> [Task statement]:
Beginning with the line of the entries below that holds "技能配置需严格匹配角色功能定" and ending with the line that holds "도입한다고 17일 밝혔다.", transcribe each line exactly as written. Pictures stay out.

> [Exercise material]:
+===+

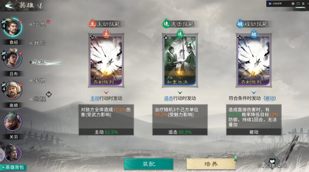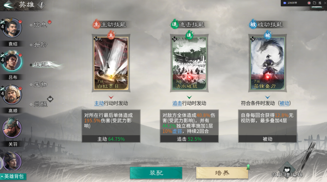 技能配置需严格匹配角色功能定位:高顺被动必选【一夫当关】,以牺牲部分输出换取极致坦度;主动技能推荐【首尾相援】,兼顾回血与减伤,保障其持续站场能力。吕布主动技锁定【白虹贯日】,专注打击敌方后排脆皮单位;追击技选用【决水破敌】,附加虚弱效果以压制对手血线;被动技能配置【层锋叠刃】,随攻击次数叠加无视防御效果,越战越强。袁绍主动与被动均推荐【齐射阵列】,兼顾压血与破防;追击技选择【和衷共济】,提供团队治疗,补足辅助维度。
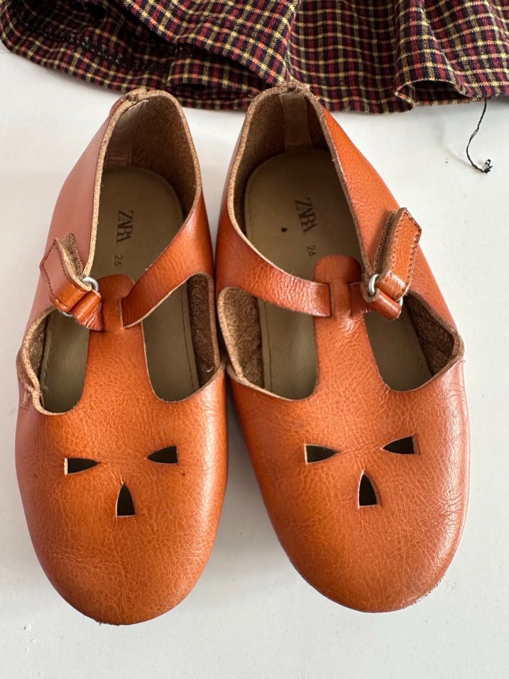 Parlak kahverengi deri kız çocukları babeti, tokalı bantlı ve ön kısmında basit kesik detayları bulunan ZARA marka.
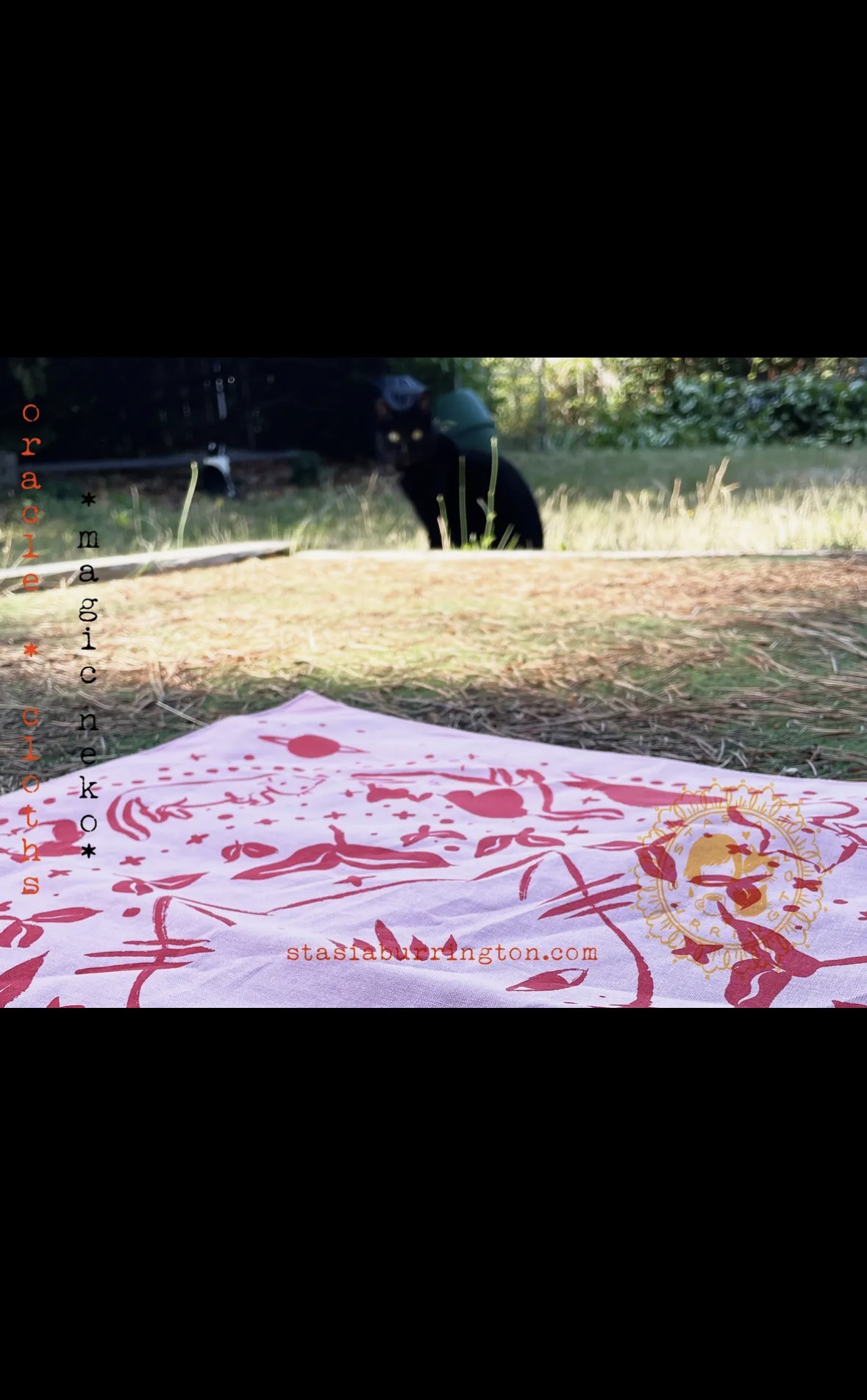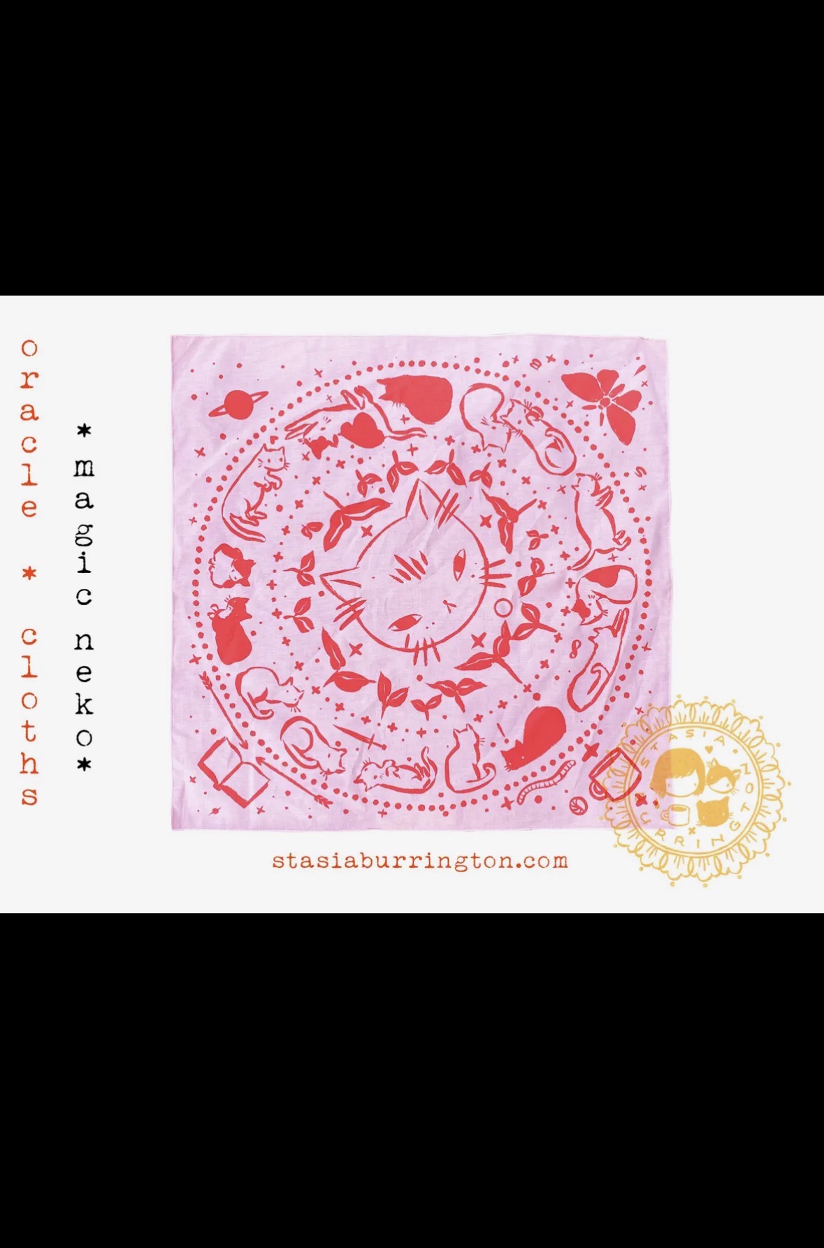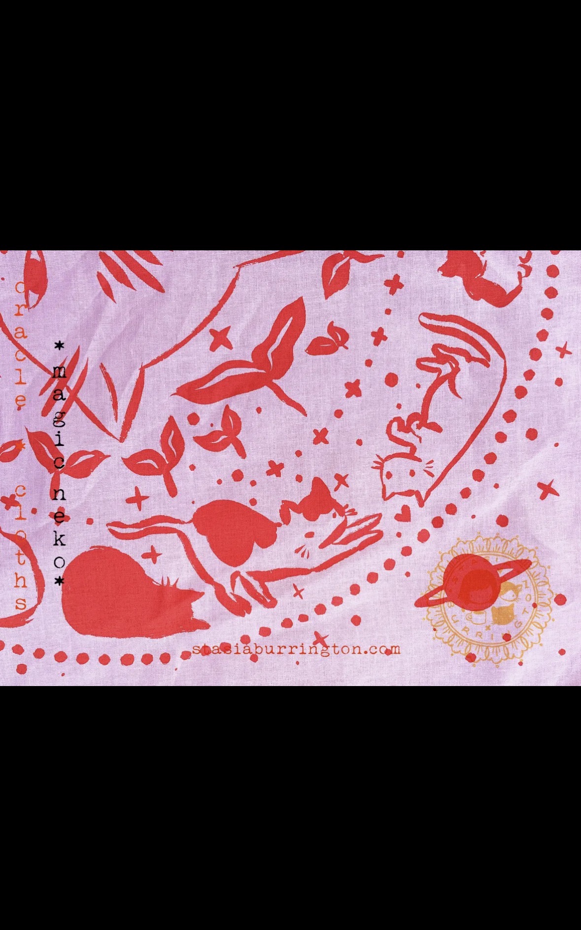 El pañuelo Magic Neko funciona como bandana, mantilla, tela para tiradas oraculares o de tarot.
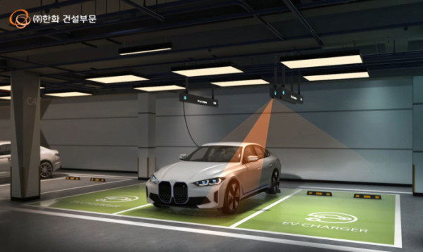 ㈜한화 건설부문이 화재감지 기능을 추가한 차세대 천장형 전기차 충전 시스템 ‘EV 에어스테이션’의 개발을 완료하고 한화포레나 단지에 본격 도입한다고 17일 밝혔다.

+===+

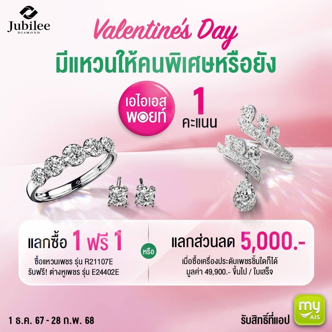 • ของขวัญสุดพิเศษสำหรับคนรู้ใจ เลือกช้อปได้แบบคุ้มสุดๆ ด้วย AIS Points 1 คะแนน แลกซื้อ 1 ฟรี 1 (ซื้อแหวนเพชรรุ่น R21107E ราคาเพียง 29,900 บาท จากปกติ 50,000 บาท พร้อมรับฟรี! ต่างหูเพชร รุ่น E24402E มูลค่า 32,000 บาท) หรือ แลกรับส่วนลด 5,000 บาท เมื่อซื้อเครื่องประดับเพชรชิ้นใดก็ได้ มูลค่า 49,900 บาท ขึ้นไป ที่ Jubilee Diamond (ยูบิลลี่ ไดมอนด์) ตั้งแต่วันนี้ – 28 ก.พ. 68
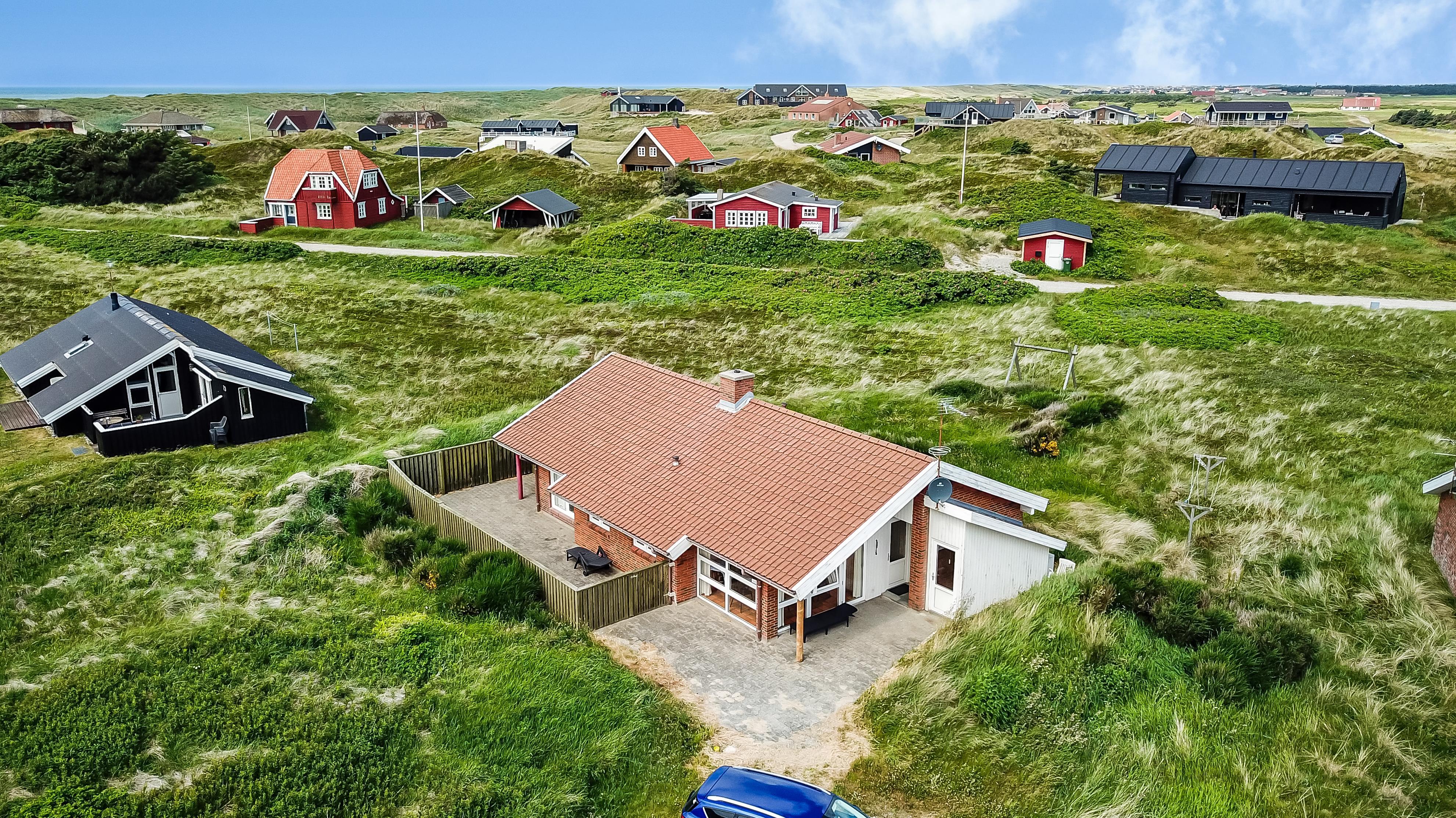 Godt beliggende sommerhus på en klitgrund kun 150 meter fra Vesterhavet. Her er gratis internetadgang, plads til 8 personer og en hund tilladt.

+===+

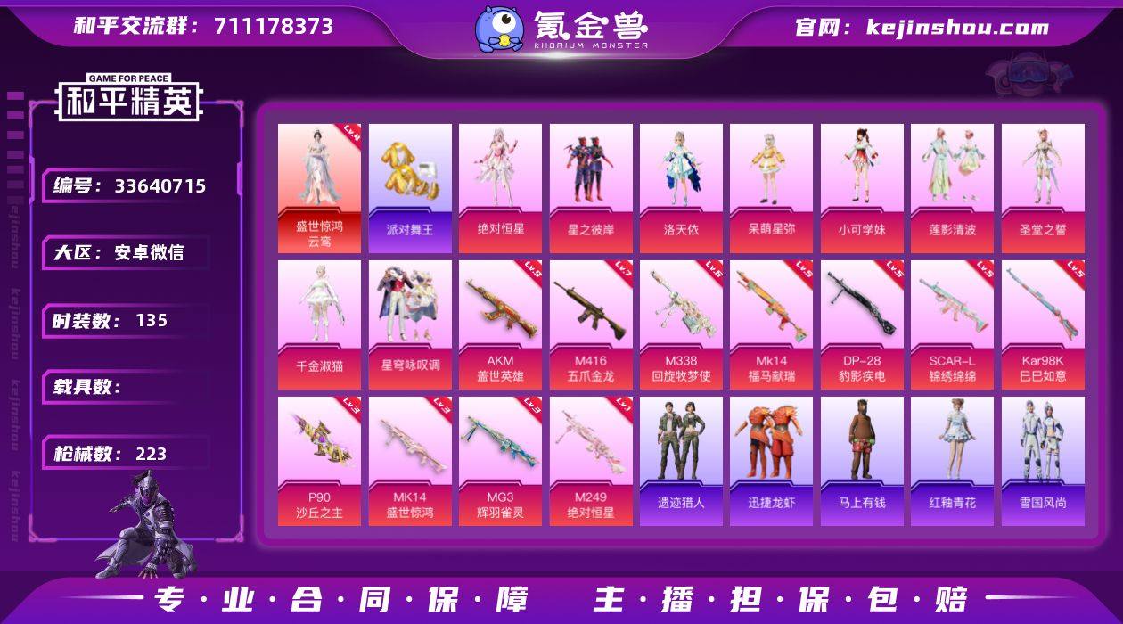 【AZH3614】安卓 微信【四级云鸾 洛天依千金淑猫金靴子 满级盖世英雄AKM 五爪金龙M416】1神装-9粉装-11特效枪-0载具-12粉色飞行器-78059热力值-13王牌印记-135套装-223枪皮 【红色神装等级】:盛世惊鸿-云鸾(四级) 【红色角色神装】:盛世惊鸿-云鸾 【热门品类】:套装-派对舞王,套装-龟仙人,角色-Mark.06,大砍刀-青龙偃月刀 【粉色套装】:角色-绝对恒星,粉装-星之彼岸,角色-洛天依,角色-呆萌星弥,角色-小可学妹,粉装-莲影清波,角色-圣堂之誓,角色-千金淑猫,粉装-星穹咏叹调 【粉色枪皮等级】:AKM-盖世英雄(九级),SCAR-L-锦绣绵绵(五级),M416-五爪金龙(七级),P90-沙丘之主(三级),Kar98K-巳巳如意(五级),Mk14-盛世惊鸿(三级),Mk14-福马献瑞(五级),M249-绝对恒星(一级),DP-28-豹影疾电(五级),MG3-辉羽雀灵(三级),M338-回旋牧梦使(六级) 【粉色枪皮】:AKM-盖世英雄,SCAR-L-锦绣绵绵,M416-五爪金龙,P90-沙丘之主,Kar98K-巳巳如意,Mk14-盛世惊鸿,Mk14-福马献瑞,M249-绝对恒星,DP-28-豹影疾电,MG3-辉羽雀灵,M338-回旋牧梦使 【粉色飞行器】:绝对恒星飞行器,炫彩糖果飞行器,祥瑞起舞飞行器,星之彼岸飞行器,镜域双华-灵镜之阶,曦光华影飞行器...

+===+

> [Written response]:
 技能配置需严格匹配角色功能定位:高顺被动必选【一夫当关】,以牺牲部分输出换取极致坦度;主动技能推荐【首尾相援】,兼顾回血与减伤,保障其持续站场能力。吕布主动技锁定【白虹贯日】,专注打击敌方后排脆皮单位;追击技选用【决水破敌】,附加虚弱效果以压制对手血线;被动技能配置【层锋叠刃】,随攻击次数叠加无视防御效果,越战越强。袁绍主动与被动均推荐【齐射阵列】,兼顾压血与破防;追击技选择【和衷共济】,提供团队治疗,补足辅助维度。
 Parlak kahverengi deri kız çocukları babeti, tokalı bantlı ve ön kısmında basit kesik detayları bulunan ZARA marka.
 El pañuelo Magic Neko funciona como bandana, mantilla, tela para tiradas oraculares o de tarot.
 ㈜한화 건설부문이 화재감지 기능을 추가한 차세대 천장형 전기차 충전 시스템 ‘EV 에어스테이션’의 개발을 완료하고 한화포레나 단지에 본격 도입한다고 17일 밝혔다.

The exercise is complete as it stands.